Native plant restoration continues at Camp Polk Meadow Preserve

Nov 09, 2019
New plantings will help restore habitat in and around the historic Hindman Springs portion of the Preserve.


The Land Trust was busy during the month of October working to restore Camp Polk Meadow Preserve! Volunteers and paid crews helped plant native grasses, wildflowers, and shrubs in the Hindman Springs portion of the Preserve as part of a multi-year restoration project.

Native plant restoration first starts with soil solarization (learn more about that cool process that involves lots of plastic!). Once the soil has been solarized we can plant. In 2018 we solarized 1/2 acre and then planted 3,700 native plants. These were mostly bunchgrasses, wildflowers and shrubs for the drier areas with some wetland wildflowers, sedges, and rushes to supplement and diversify the area near the spring and ponds. We also spread native seed--six grass species and two wildflower species, yarrow and blue flax. This year, we solarized 1/3 acre and have planted 2,500 new native plants and again spread native seed.

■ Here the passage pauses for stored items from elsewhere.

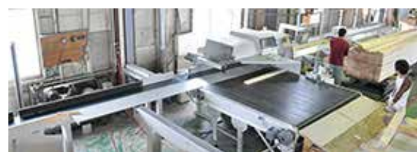
自動オプティカットソー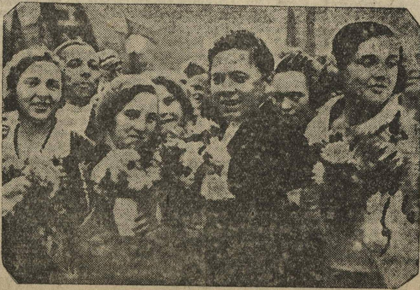
Участники молодежной демонстрации в гор. Горьком. (Свердловский р-н)

♦ ГОРЬКИЙ. Многолюдные демонстрации и митинги состоялись во всех районах Горького.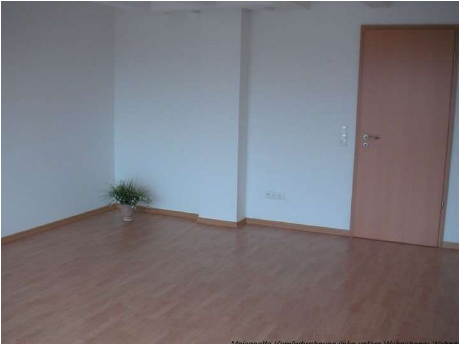
Maionette, Komfortuhnung links unten, Mahabona, Mahabona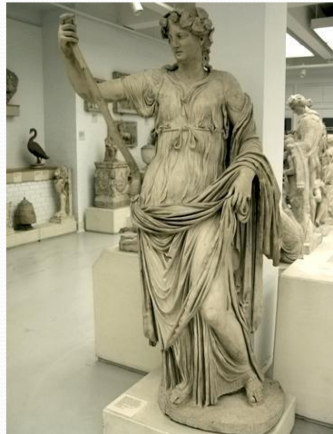
Талия – муза комедии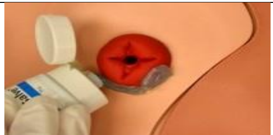
یک لایه از پماد ضد سوختگی را روی پوست اطراف استوما بیافزایید.

So, how are all these plants doing?
In short, great, thanks to lots of care and tending from staff and volunteers! Volunteers spent some of the past winter helping put plants back in the ground that were either pulled out by deer or pushed out by frost. Then, there was lots of weeding in spring! Solarization did a great job of reducing nonnative annual grass germination, but there were seed species that the solarization heat did not kill and areas that were not solarized that needed plenty of attention. Come summer, our new plants needed water! The first summer, even for drought-adapted species, is always hard on plants so we set up an irrigation system and had volunteers help with watering. Huge thanks to all the volunteers who helped with deer patrol, weeding, and watering this past year!

We were also pleased to see that plant survival and seed germination was better than expected! The transformation of a sea of cheatgrass and tumble mustard into diverse native pollinator habitat is exciting. While, several “weedy” native species showed up this spring (yes, natives can be invasive too), we thinned those fast-growing species to make room for some of the slower growing natives. Similarly, the native yarrow was VERY successful this year. Yarrow loves disturbance, and the "yarrow blanket” we currently have should decrease over time. In the meantime, the yarrow is an important plant for pollinators and may be protecting grass seedlings from the hot sun in the driest months. 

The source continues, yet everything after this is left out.